Amis du cinéma métaphorique capillotracté, bonsoir! Ce « Men », thriller psychologique signé Alex Garland, esprit à l’origine du sensationnel « Ex-Machina », saura vous abreuver de symboles jusqu’à plus soif.
Dans une mise en scène très « naïve », le réalisateur britannique démontre une nouvelle fois son talent dans le maniement de l’image. L’isolement, la solitude sont grandioses. L’horreur, dans un écrin de verdure et de lumières bibliques, est puissante. La photographie, aux symétries épurées et kubrickesque est léchée. La bande son, toute de voix dissonantes, est glaciale. Le jeu entre montage et effet sonore est soigné, à la limite de l’obsessionnel. On retrouve un peu de Hitchcock dans ses thématiques de la femme névrosée, malmenée, esseulée.

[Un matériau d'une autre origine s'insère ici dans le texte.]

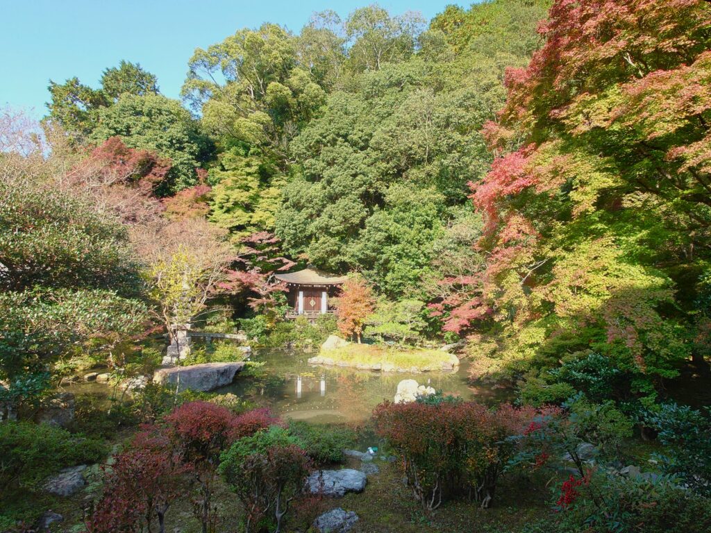 霊殿と宸殿をつなぐ側面のモミジはかなり色づき進みました。
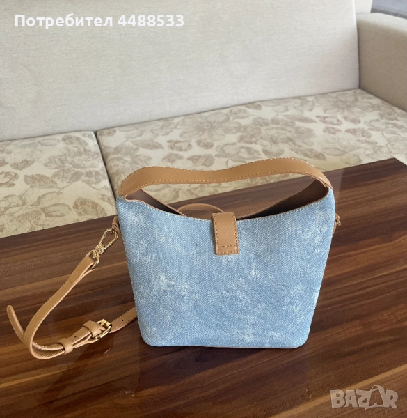 Дамски чанта с козметична чантичка. Экокожа. Цвят син деним модел. Размер чанти 26*21*11 см. Размер чантички 20*12*7 см
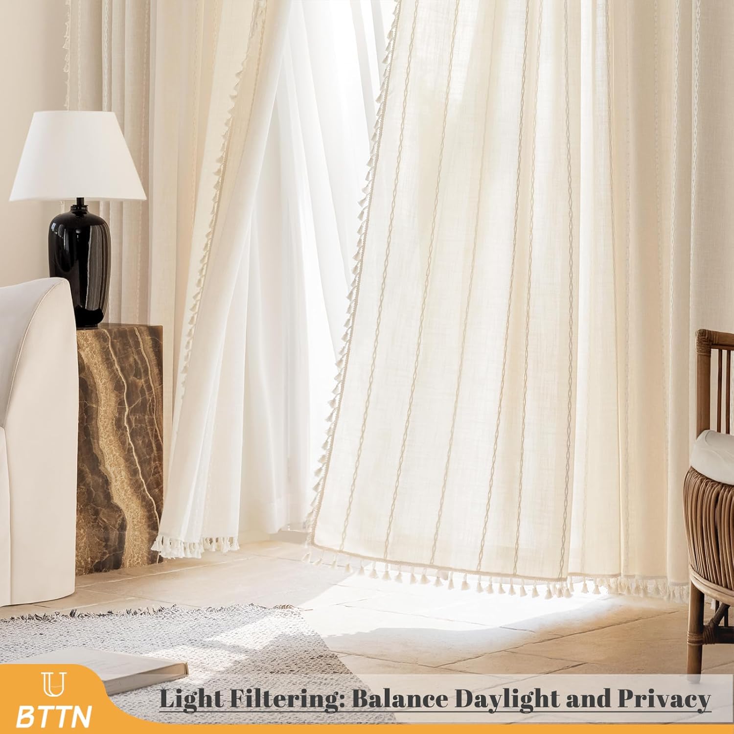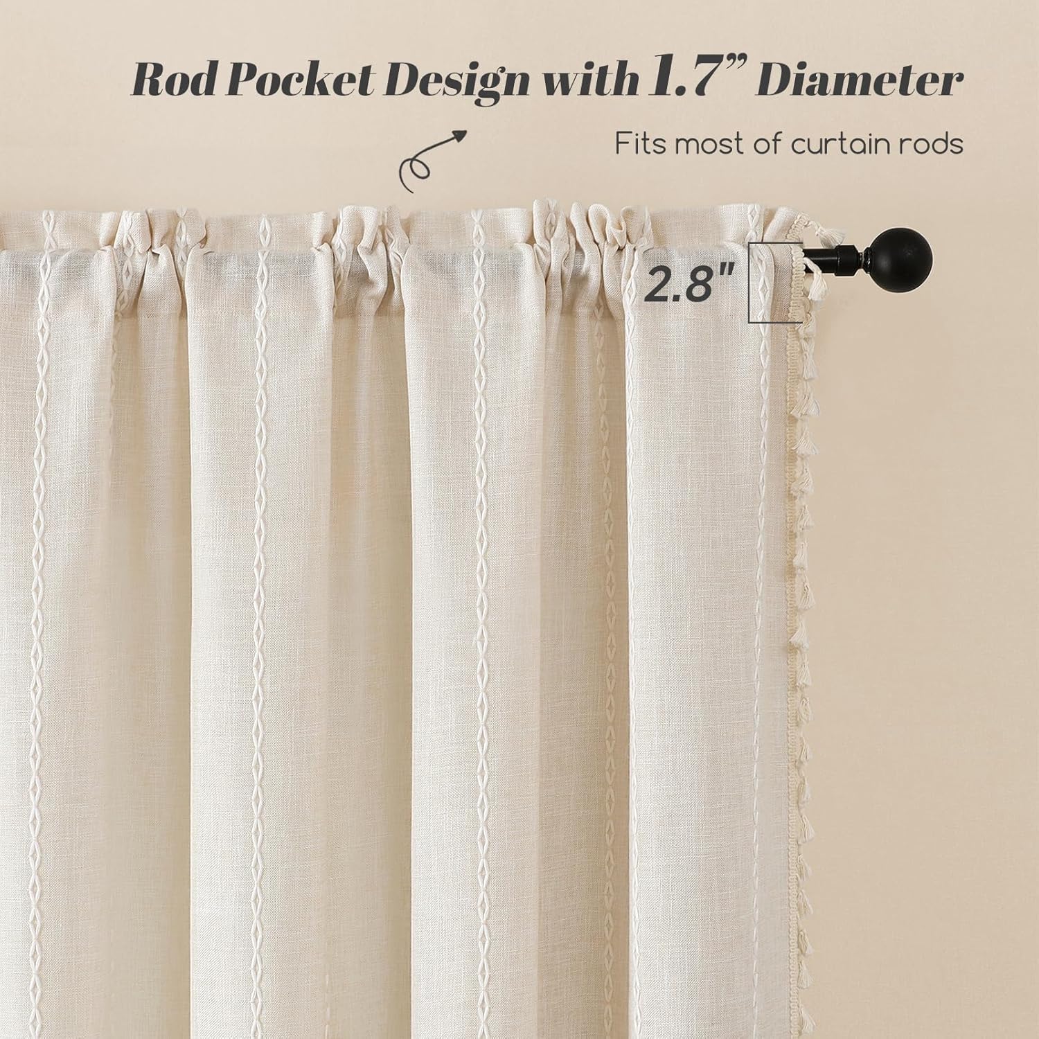 Cream Curtains 84 Inch Length 2 Panels Set, Long Boho Farmhouse Linen Striped Embroidery Drapes with Tassels for Bedroom Living Room, Light Filtering Rod Pocket Window Treatments, 52x84, Beige
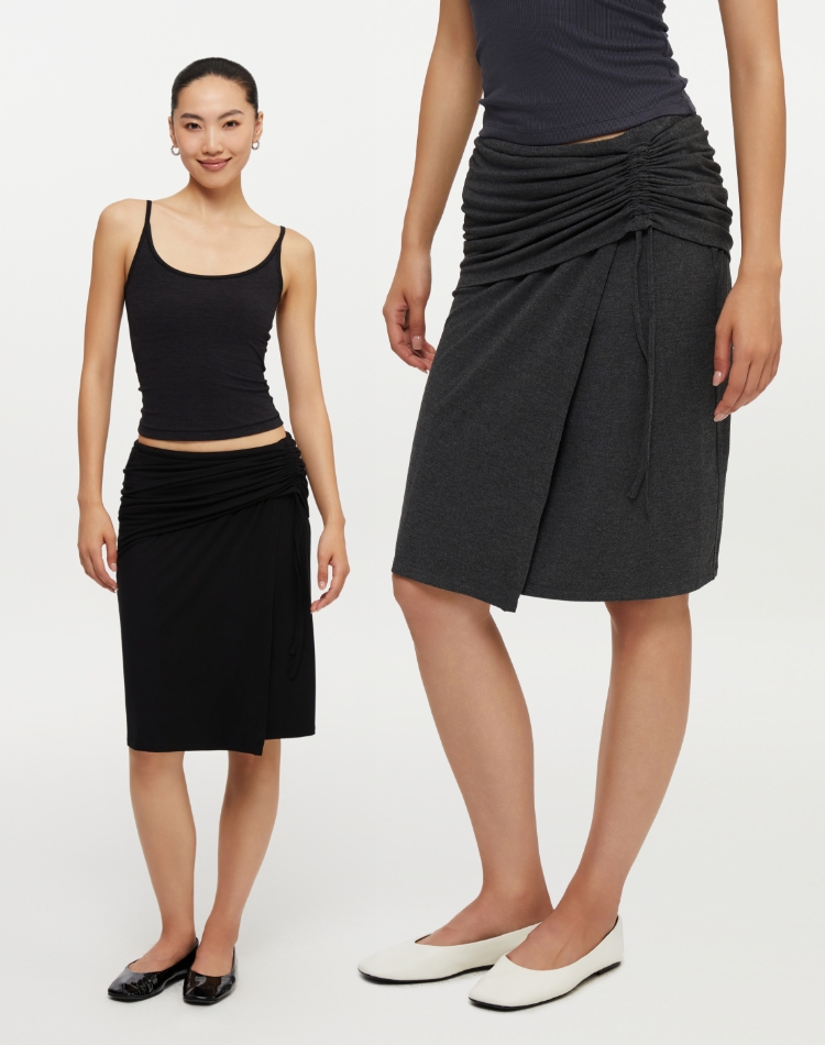 oneup垂感抽绳半身裙
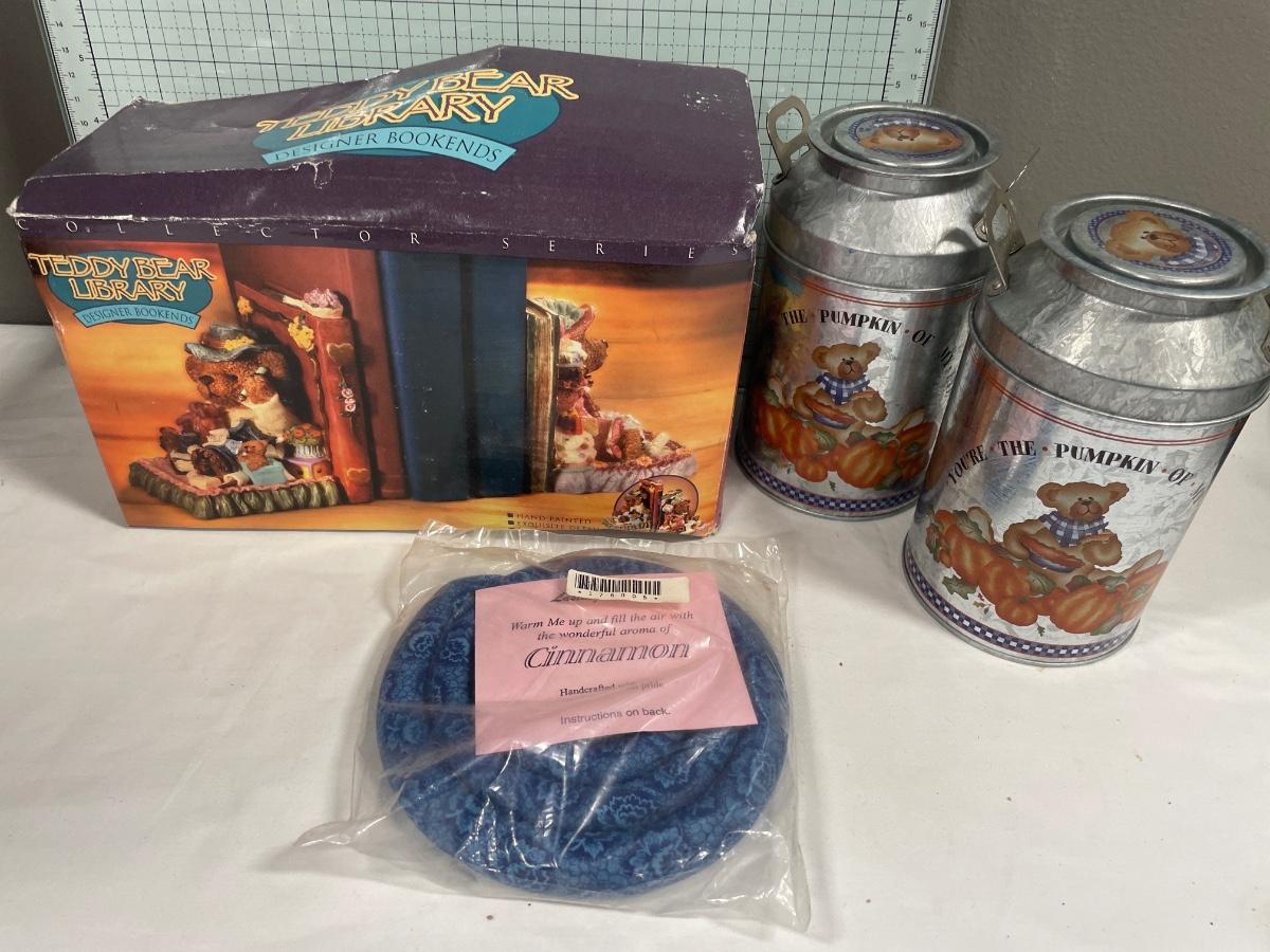 Teddy Bear bookends, canisters and Cinnamon warmer
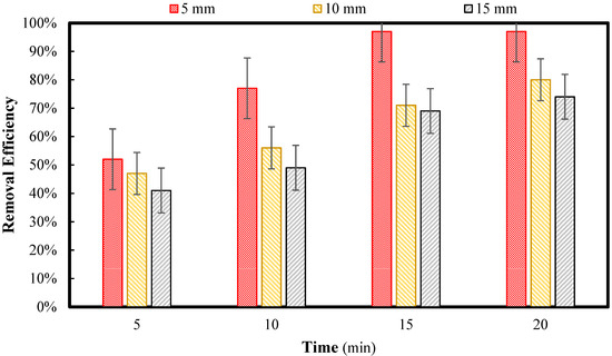 With the initial concentration of 50 mg/L and the pH of 11, a set of electrocoagulation tests were conducted to measure the effect of electrode distances. The same as the previous part, after 5, 10, 15, and 20 min and with 5, 10, and 15 mm distance between electrodes, samples measured with a spectrophotometer were filtered with the paper filter number 5, and the efficiency of work is shown in Figure 8.
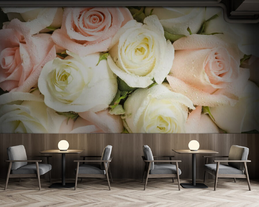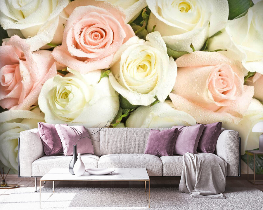 Transformați-vă spațiul cu acest tapet uimitor, care prezintă un amestec încântător de trandafiri roz și albi. Imaginați-vă că intrați într-o cameră și sunteți întâmpinați de un val de farmec floral care vă face să vă simțiți ca la o petrecere în grădină, fără a fi nevoie de stropitoare! Nuantele delicate sugerează relaxare, în timp ce picăturile de ploaie de pe petale aduc o notă răcoritoare. Perfect pentru un colț de lectură confortabil sau un living plin de viață, este ca și cum ați avea frumusețea naturii la îndemână. Cine nu ar zâmbi la o priveliște atât de veselă? Este timpul să aduceți natura în interior și să lăsați trandafirii să-și facă magia!

Vous l’aurez compris, « Men » est un très bel objet cinématographique.
Mais voilà que le fond nous laisse un peu plus pantois. Dans une ambiance dérangeante, parfois bien barrée (un peu trop vous dites?), Garland traite des longues étapes qui s’imposent à la guérison d’un psychisme éclaté par le trauma. Dans des basculements inattendus et audacieux (un peu trop aussi, hein?), il figure l’auto-engendrement d’une masculinité toxique et meurtrière. Pour enfoncer le clou, il dépose le message, à coup de grosses godasses boueuses, du sacrifice des femmes sur l’hôtel de l’hétérosexualité et de leur soumission psychologique au patriarcat (y en a un peu plus, je vous le mets quand même?).
Vous l’aurez compris, « Men » traite de thématiques essentielles et vivifiantes, mais malheureusement sans la retenue, la finesse et les détours qui auraient été ici les bienvenus.
Dans le registre de l’allégorie du trauma et de la dépression au féminin on lui préférera un bon « Midsommar », « Barbarian », « Watcher » ou « Mother ».